Higher order weights also have a disadvantage: the correct weights to include in a network must be identified. A network of n inputs can contain up to 2^{ n } different weights, so small networks may be fully connected and then pruned by removing insignificant weights. In larger networks, many of the possible weights cannot even be considered as the computational time required to do is prohibitive. In these cases, weights must be chosen using heuristics that improve the chance of a weight contributing to the function being selected.
This paper addresses the question of how to choose which weights to include in a MOHN when it is impossible to test more than a small fraction of the possible weights. The inclusion or exclusion of different weights has an effect on the variance/bias tradeoff of a model. Adding weights improves the training error but can, after a point, increase the test error. Adding weights will also increase the complexity of calculations made by the network, slowing both the learning process and inference.
The remainder of the paper is organised as follows. This section concludes with a short look at existing approaches to discovering structure in graphical models and is followed by a summary of mixed order hyper networks. “Statement of the problem” section describes the problem addressed by this paper and is followed by “Methods” section, which describes the proposed algorithm in detail. The “Results and discussion” section describes some experimental results and is followed by conclusions and suggestions for some future directions for this work.
Existing work
Inspiration for a method of discovering the structure of a MOHN can be sought from other fields where computational networks are built from data. This section considers methods for learning the structure of multi layer perceptrons (MLPs), Bayesian belief networks (BNNs) and Markov random fields (MRFs) and considers methods of feature selection.
Multi layer perceptrons
The standard structure of an MLP contains an input layer, one or more hidden layers and an output layer. Each layer is fully connected to the neurons in the layer above.

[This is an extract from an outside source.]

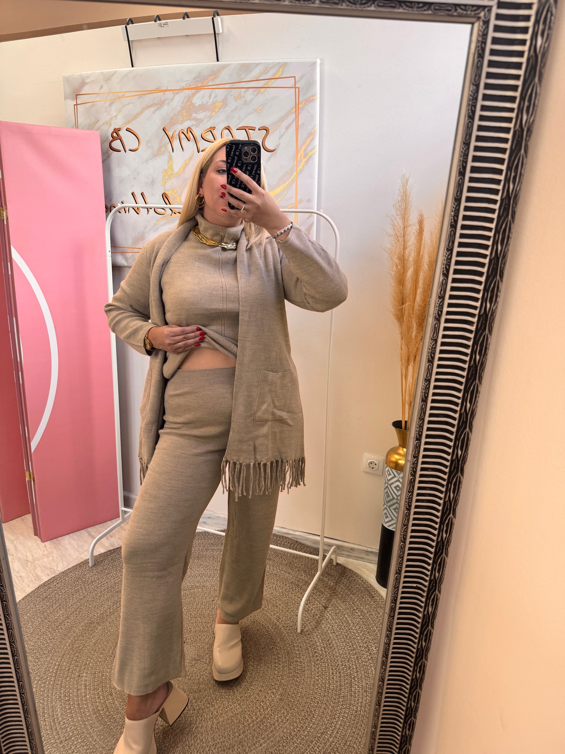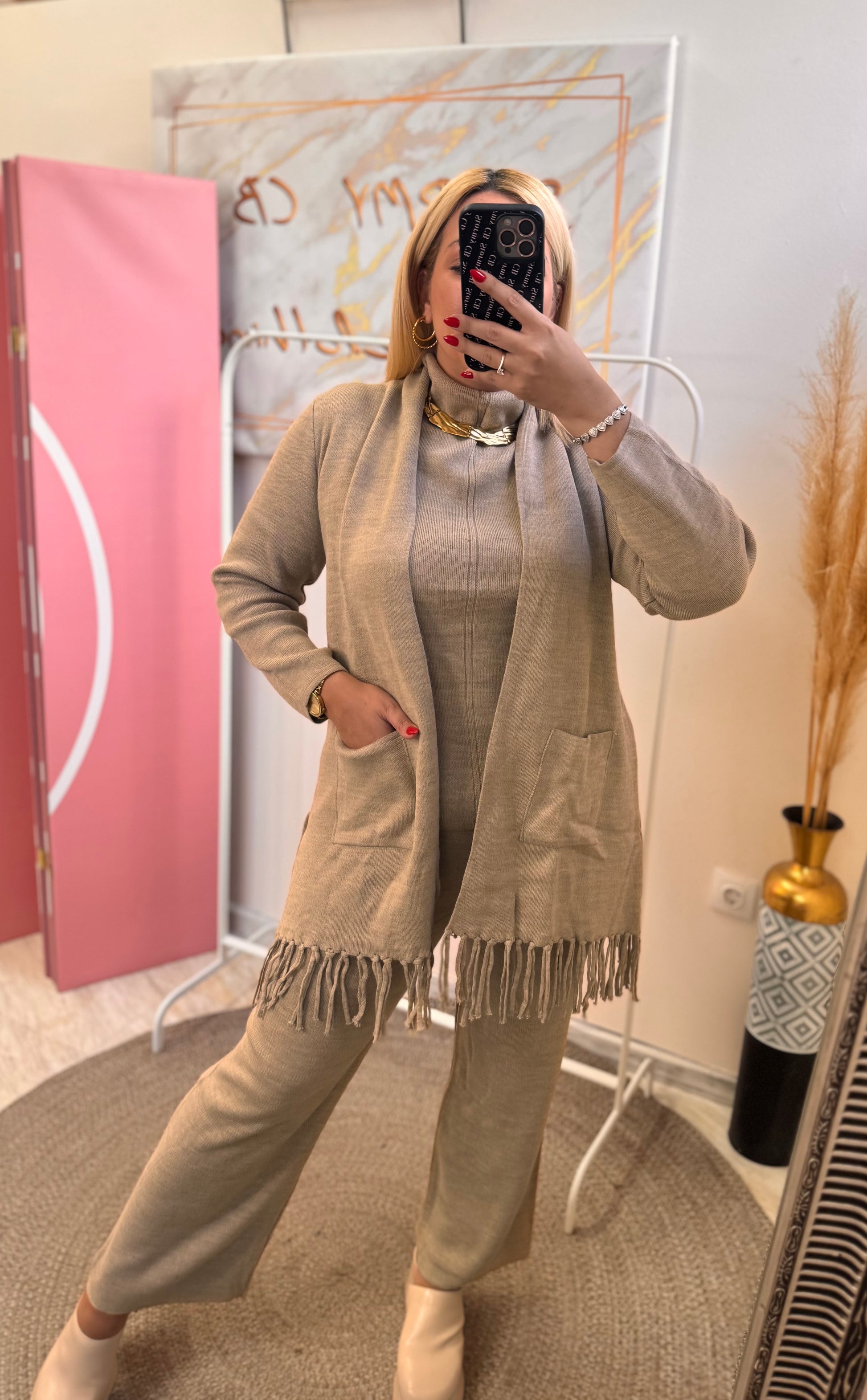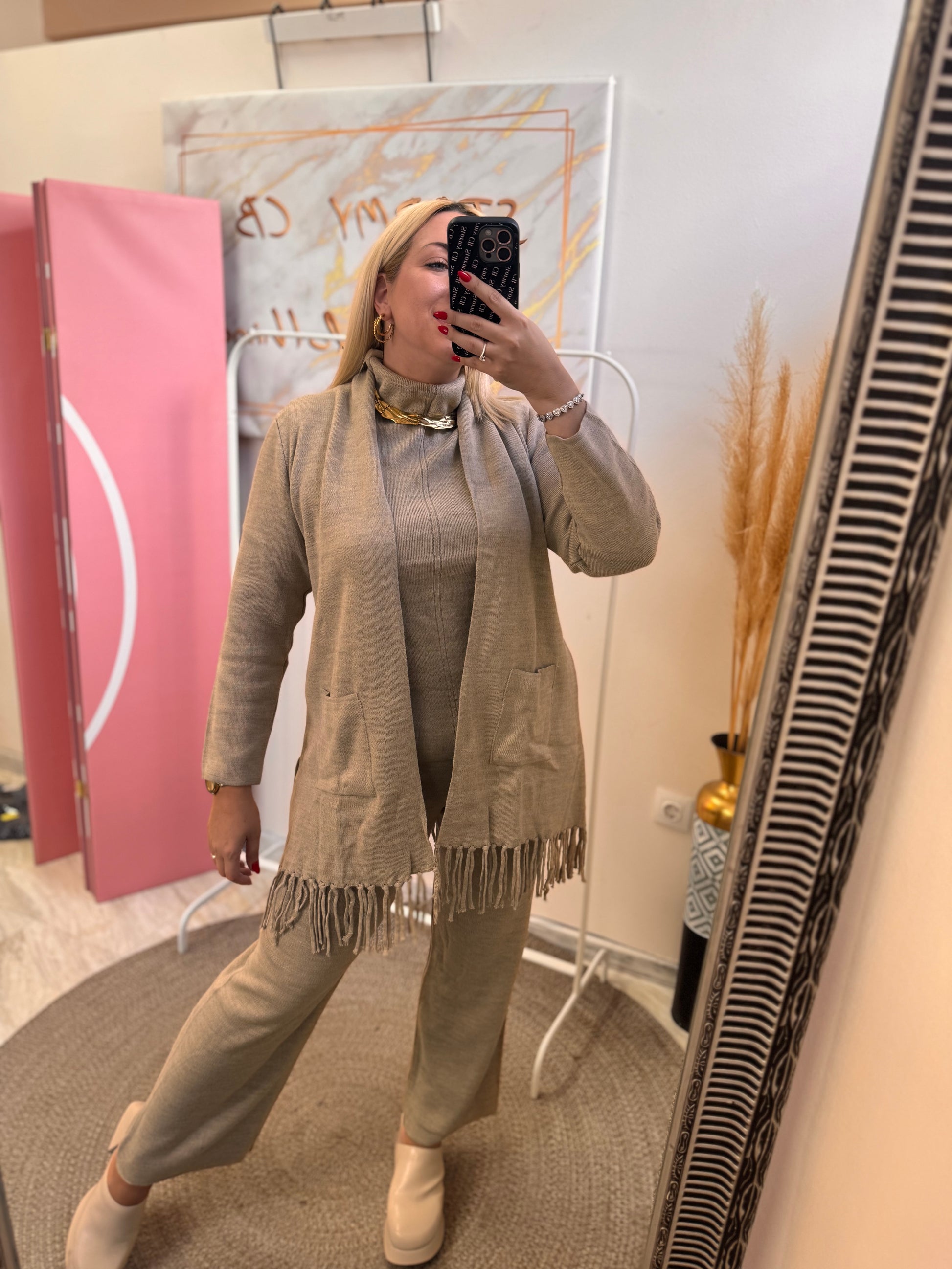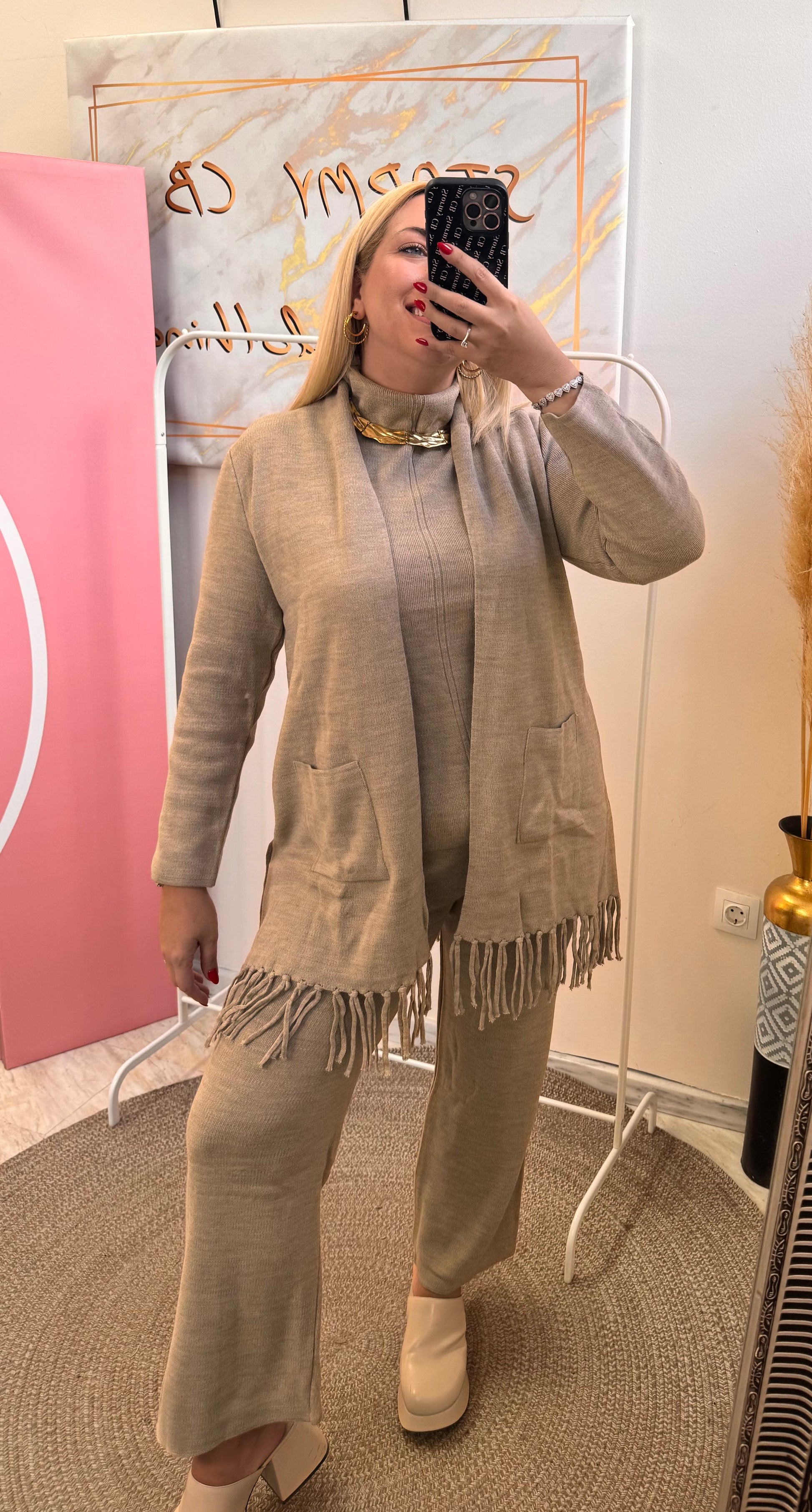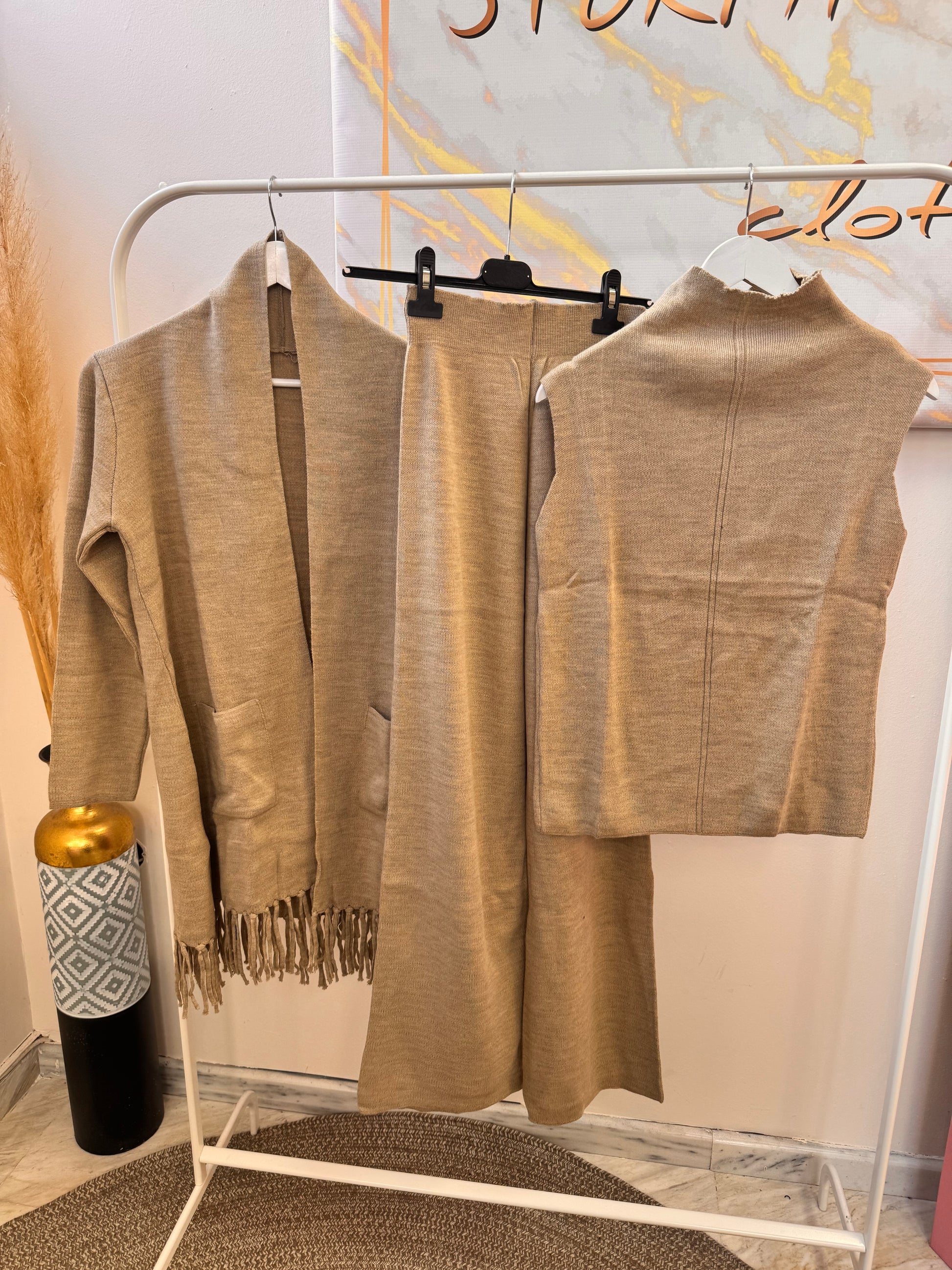 -Διαθέτει τρια κομμάτια, ζακέτα με κρόσια, αμάνικο μπλουζάκι ζιβάγκο και παντελόνι

This structure can be changed dynamically during learning by adding or removing weights or neurons. Approaches to dynamically changing the structure of an MLP during training involve adding or removing weights or neurons and their associated set of weights. Bartlett [4], for example proposed an algorithm that added hidden units each time the training error flattened, and removed units based on an information theoretic measure. He also pointed out that the network weights were often optimised to the structure, and adding new ones didn’t allow the network to escape the local optimum it was in. LeCun et al. [5] proposed the Optimal Brain Damage algorithm, which removes weights with low saliency, which is defined based on the second derivative of the cost function. Some algorithms continue to train all of the weights after each iteration of adding or removing weights. Others, such as DMP3 [6] freeze existing weights and only train the newly added ones. Some algorithms add neurons in a restricted structure, for example in the Upstart algorithm [7], the network becomes a tree structure as new neurons are added below existing parent neurons. Although not strictly a structure discovery approach, dropout [8] is a method that drops random neurons during training and then approximates the average output of all the resulting smaller networks at test time. There have also been evolutionary approaches to MLP structure discovery, for example [9] introduces a new crossover operator to allow a GA to discover MLP structure, solving the permutation problem (being that network structure tells you little about network function). See [10] for a review of evolutionary approaches to neural network learning.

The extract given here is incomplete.